Ген. пр. Сен. кн. В-му


Ваше сиятельное высочество генерал-прокурор!

Не устаю тщить себя надеждою, что вы обратите внимание на мои скромные заметки. Уже не в первый раз до моего слуха доносятся странные речи, исходящие из дворца воспитателя цесаревича на Мойке. Конечно, вы можете подумать, будто бы я наговариваю на достойного мужа, словно меня науськивают его враги, словно бы я стал орудием в руках льстивых царедворцев. Но смею вас убедить и поклясться всем святым, что моим единственным науськивателем является забота о нашем возлюбленном российском отечестве.

Посудите же сами, какие разговоры ведутся в доме на Мойке: о конституции, о правах граждан, о необходимости равенства перед законом всех сословий и о том, что с целию лучшего управления государством монархиня Екатерина должна сформировать парламент!
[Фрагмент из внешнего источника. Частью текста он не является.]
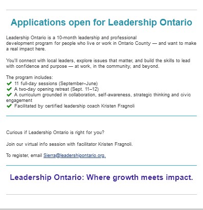 Home › Community News Releases › Applications Open for Leadership Ontario Applications Open for Leadership Ontario July 29, 2025 Community Submission Community News Release Share Stay Informed Finger Lakes news, delivered to your inbox every morning. First nameLast nameEmail addressZIP codeSubscribe

Что же это получается? Чем станут при таком парламенте самодержавная императрица и правительствующий Сенат? Марионеткою, ваше сиятельное высочество! Марионеткою в руках невежественной толпы. Древние еллины оставили нам примеры различных государственных устройств и справедливо отметили демократию как самую мерзопакостную из них, о чем подробно написано в книге архиепископа Амвросия.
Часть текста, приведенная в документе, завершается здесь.